The Prime Minister, Gabriel Attal, should announce a first series of measures this Friday in order to provide responses to the anger of farmers.

The mobilization of farmers, which has been going on for a week now, continues to intensify and is increasing throughout France. The blockades are getting closer to Paris, as the angry farmers announced at the start of the mobilization. New actions are taking place this Thursday morning in the Paris region, in Essonne and in Yvelines. Faced with pressure on the government, the Prime Minister, Gabriel Attal, brought together the ministers of agriculture, ecological transition and the economy this Thursday January 25 morning. The government officially addresses the “subject of the agricultural situation and the responses that can be provided.”

This Thursday, Europe 1, clearly well informed, announced that the Prime Minister should unveil a first series of measures on Friday January 26 in the afternoon. These announcements should take place while the Prime Minister is expected this Friday on the ground with farmers. According to information collected by the media, the government is considering various possibilities such as “cash flow aid, a reduction in administrative constraints, or even compensation for the planned increase in the taxation of non-road diesel, or even its outright abandonment “. A close friend of Mr. Attal told Europe 1 “that absolutely nothing is excluded. We must strike hard. What the agricultural world is experiencing is unacceptable.”

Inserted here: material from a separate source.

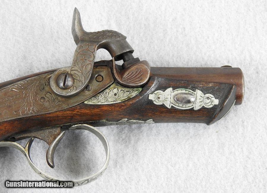 Description: This is a nice copy but does not have wart steel on the barrel side It does have the Sun Burst P. The mechanical function is very good crips and tight and the bore is very good and bright. The wood is very nice condition and the checkering is sharp. I would consider trades for pre 1899 ANTIQUE PISTOLS and rifles on any of my items.. WHAT DO YOU HAVE TO TRADE? Ask about our 30-90 day lay-away program. We accept Bank Check, Money order, Personal checks or wire transfer. SOLD Antique: Yes Manufacturer: Henry Deringer - Copy |
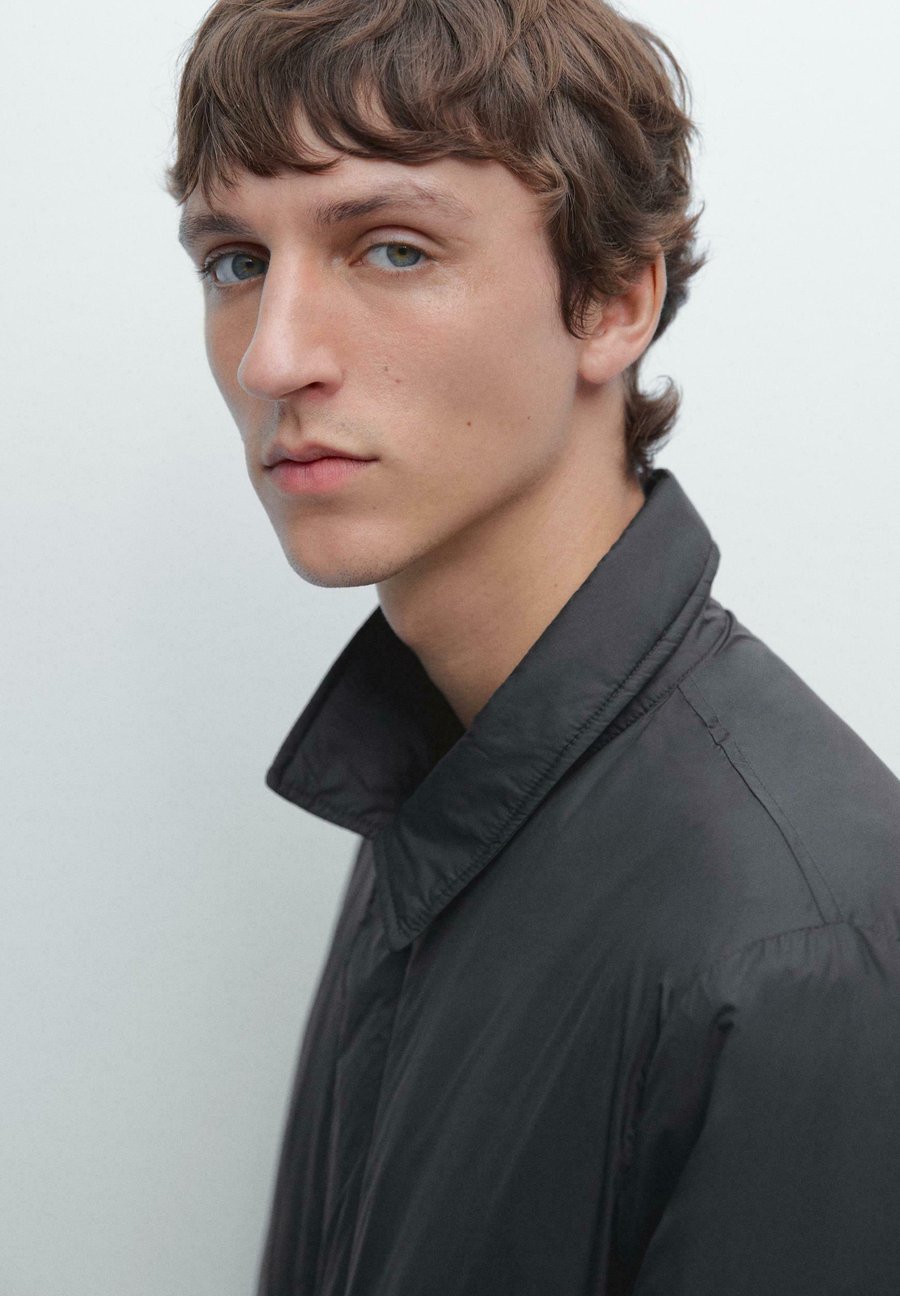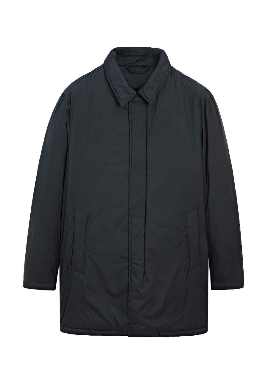 Водоотталкивающая ткань. Двусторонняя застежка-молния, скрытая планкой с кнопками. Боковые карманы на кнопках. Рубашечный воротник. Легкая парка с внутренней подкладкой из пера. Внутренний карман на молнии. Центральная застежка сзади на кнопках. Воротник: Отложной воротник.Материал и уход

Over the past few days, the Prime Minister has spoken with numerous union representatives from the agricultural sector. On Wednesday evening, the FNSEA and the Young Farmers (JA) sent the government a detailed list of 24 demands and insisted on the need to “immediately help the sectors most in crisis: viticulture and organic agriculture”. Among the demands put forward, the unions are calling for “absolute respect for the Egalim laws” dating from 2018 and 2020 relating to the sharing of value between the different players in the French food chain.

The president of the FNSEA, Arnaud Rousseau, also requested emergency financial aid of “50 to 100 million euros”. According to a close friend of Gabriel Attal, the latter would be “generally in agreement” with the unions and assures that “the exchanges were very good”.